═══ RECORD SET

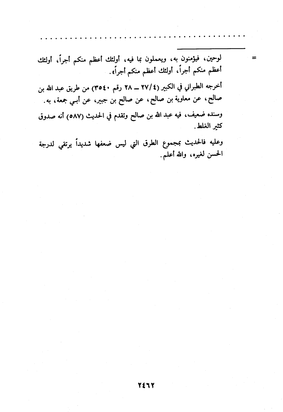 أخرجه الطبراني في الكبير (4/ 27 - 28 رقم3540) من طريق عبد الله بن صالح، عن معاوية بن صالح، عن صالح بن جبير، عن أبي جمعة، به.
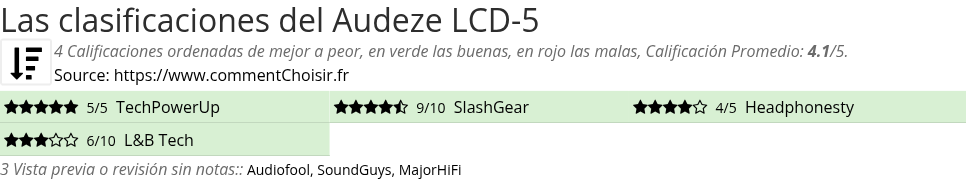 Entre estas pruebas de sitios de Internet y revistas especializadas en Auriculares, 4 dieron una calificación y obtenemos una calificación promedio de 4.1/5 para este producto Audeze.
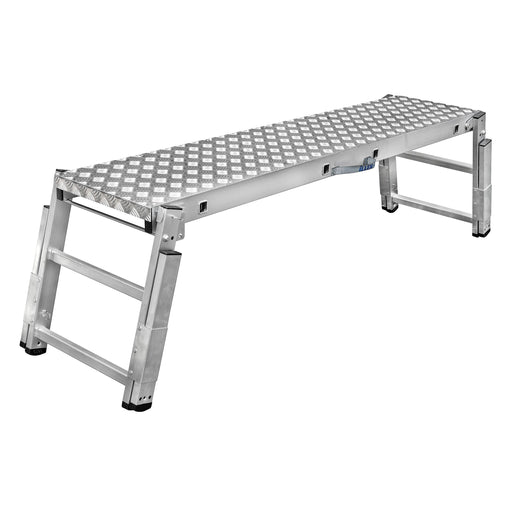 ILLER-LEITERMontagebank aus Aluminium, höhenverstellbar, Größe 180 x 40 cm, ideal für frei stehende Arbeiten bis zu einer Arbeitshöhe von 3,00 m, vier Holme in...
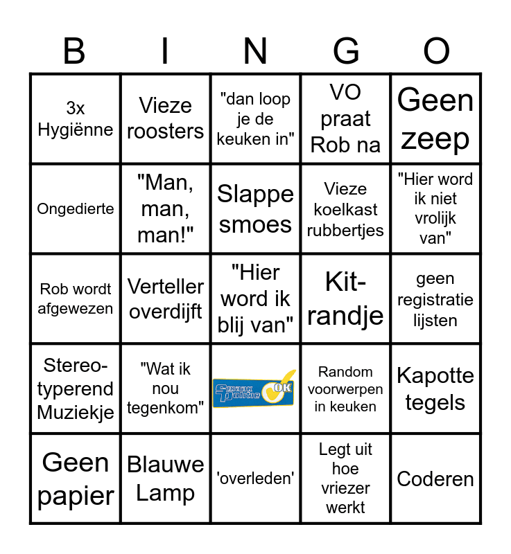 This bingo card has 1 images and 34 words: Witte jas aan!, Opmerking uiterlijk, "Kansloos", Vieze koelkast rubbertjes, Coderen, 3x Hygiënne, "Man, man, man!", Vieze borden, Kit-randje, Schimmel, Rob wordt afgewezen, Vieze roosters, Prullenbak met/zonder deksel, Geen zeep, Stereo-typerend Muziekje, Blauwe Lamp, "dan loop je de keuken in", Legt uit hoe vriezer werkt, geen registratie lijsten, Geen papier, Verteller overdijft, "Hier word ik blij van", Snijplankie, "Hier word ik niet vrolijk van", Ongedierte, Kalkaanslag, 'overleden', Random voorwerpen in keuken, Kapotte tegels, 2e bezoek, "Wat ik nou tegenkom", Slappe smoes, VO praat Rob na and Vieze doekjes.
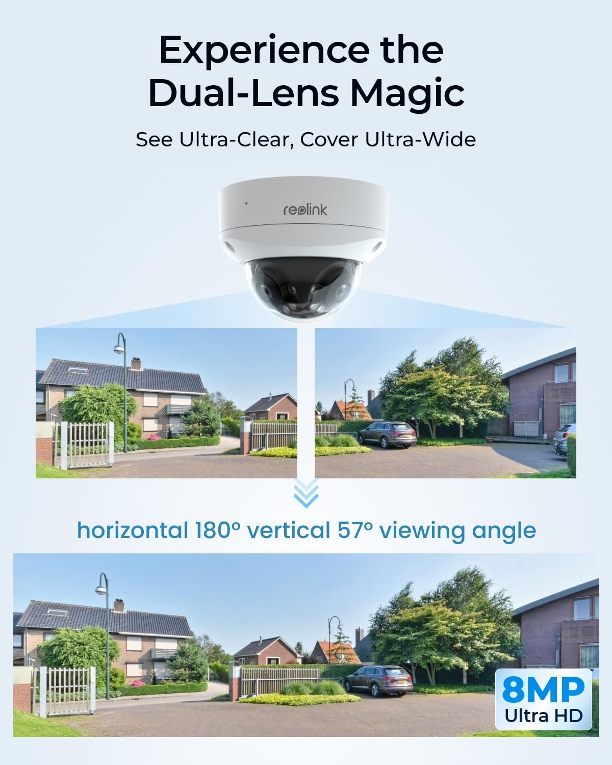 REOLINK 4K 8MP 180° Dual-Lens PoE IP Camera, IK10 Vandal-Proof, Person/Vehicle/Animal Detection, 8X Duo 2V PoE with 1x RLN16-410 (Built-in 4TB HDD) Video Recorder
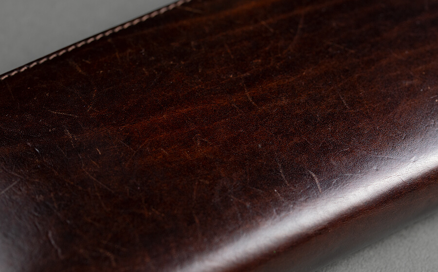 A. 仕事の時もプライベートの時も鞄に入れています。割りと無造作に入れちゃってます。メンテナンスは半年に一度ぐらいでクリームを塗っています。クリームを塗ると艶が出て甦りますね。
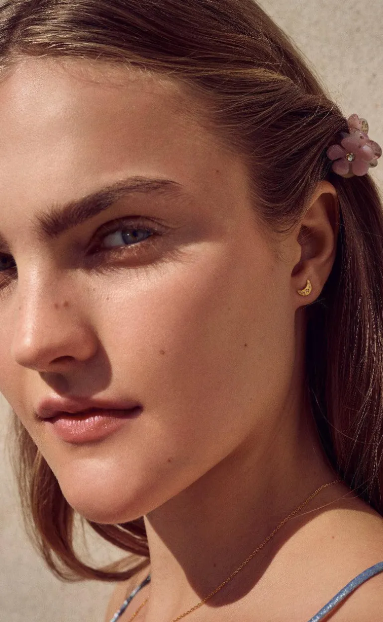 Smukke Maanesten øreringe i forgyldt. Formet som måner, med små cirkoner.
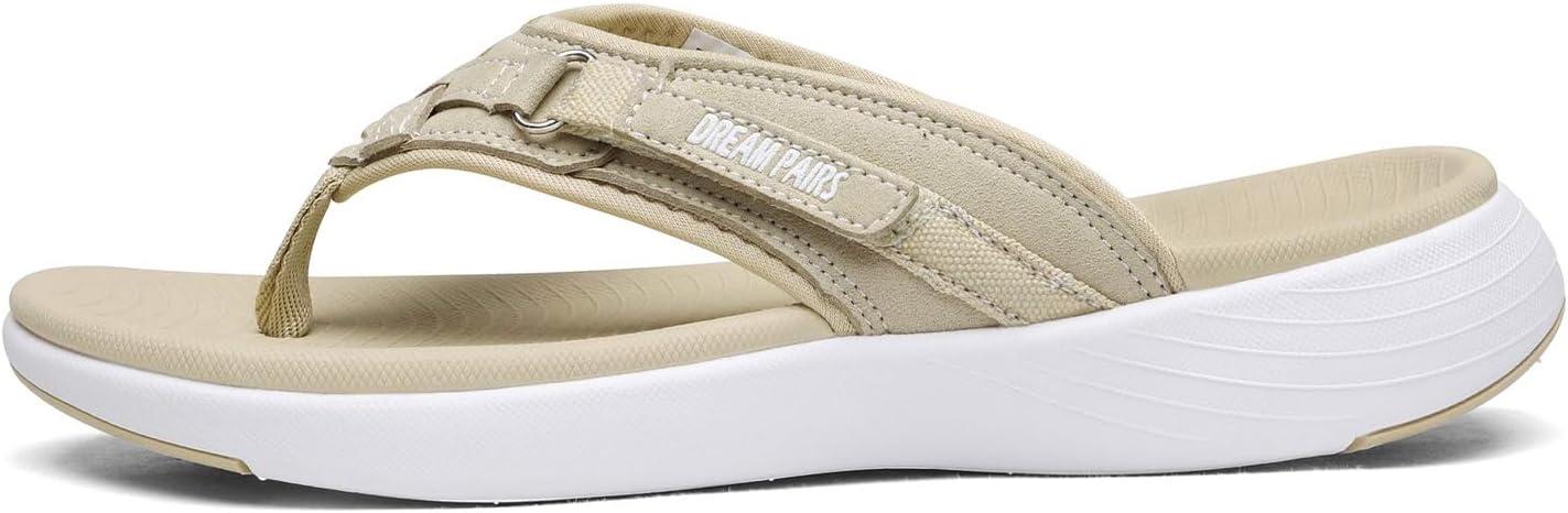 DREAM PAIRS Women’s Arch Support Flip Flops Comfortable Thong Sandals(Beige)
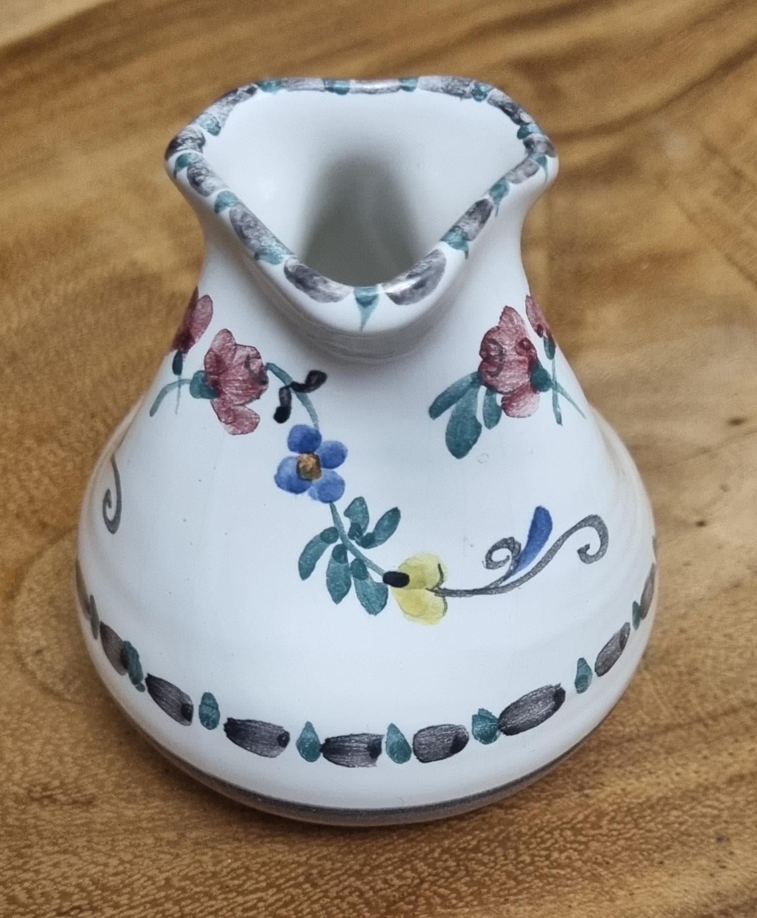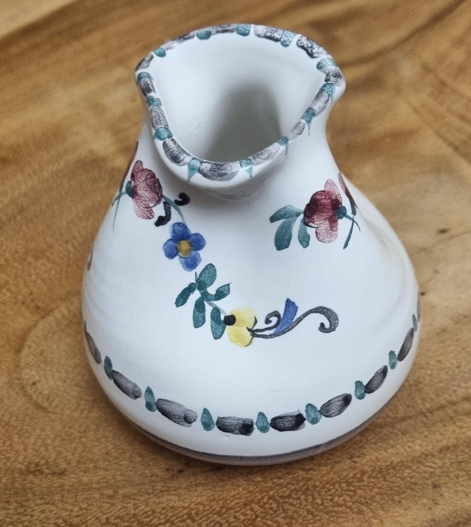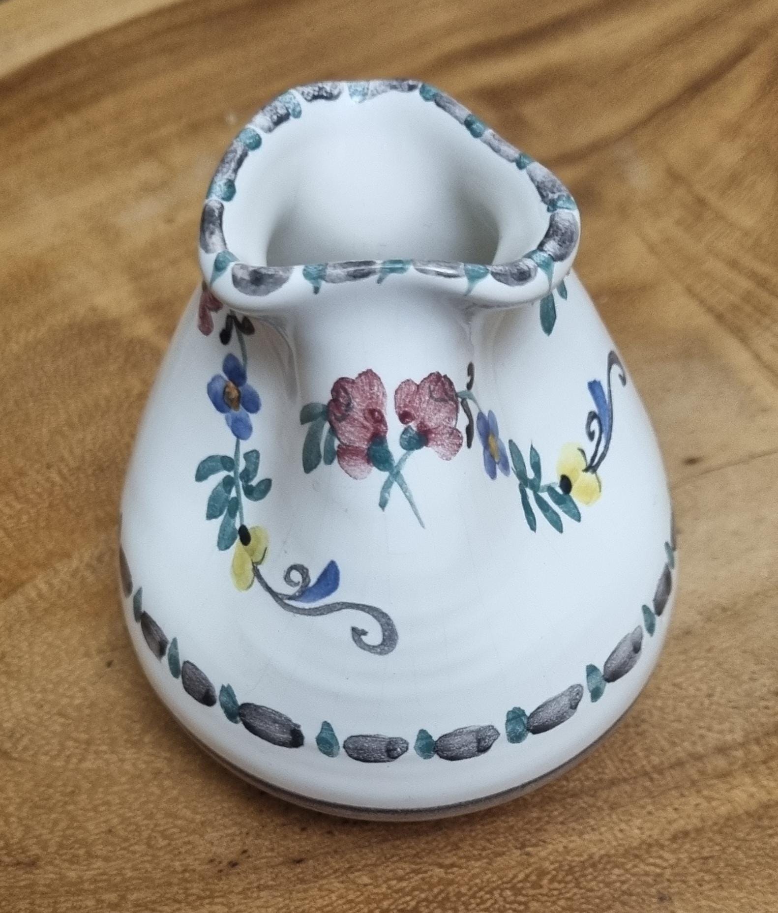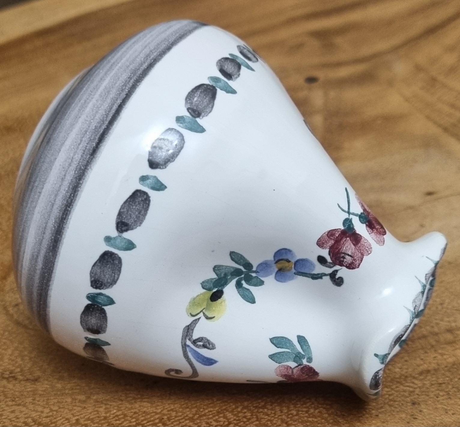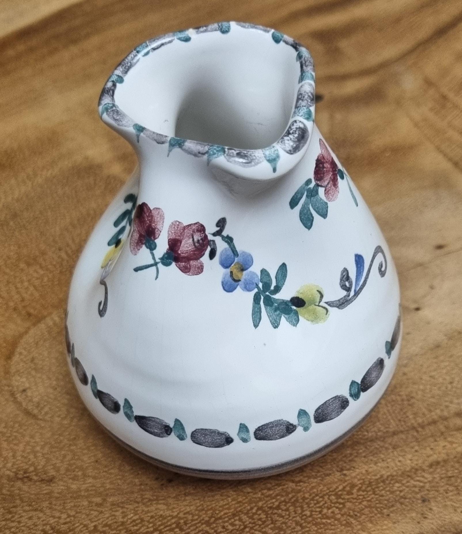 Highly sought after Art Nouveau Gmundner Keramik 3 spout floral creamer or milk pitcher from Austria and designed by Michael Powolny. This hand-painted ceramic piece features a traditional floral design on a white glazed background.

══════

WHAT THE TASK ASKS =>
Only the lines above starting with the line with "Entre estas pruebas" and going on through the line with "ILLER-LEITERMontagebank aus Aluminium, höhenverstellbar, Größe" belong in the answer; repeat them exactly, minus any picture.

RESPONSE TO THIS TASK =>
 Entre estas pruebas de sitios de Internet y revistas especializadas en Auriculares, 4 dieron una calificación y obtenemos una calificación promedio de 4.1/5 para este producto Audeze.
 ILLER-LEITERMontagebank aus Aluminium, höhenverstellbar, Größe 180 x 40 cm, ideal für frei stehende Arbeiten bis zu einer Arbeitshöhe von 3,00 m, vier Holme in...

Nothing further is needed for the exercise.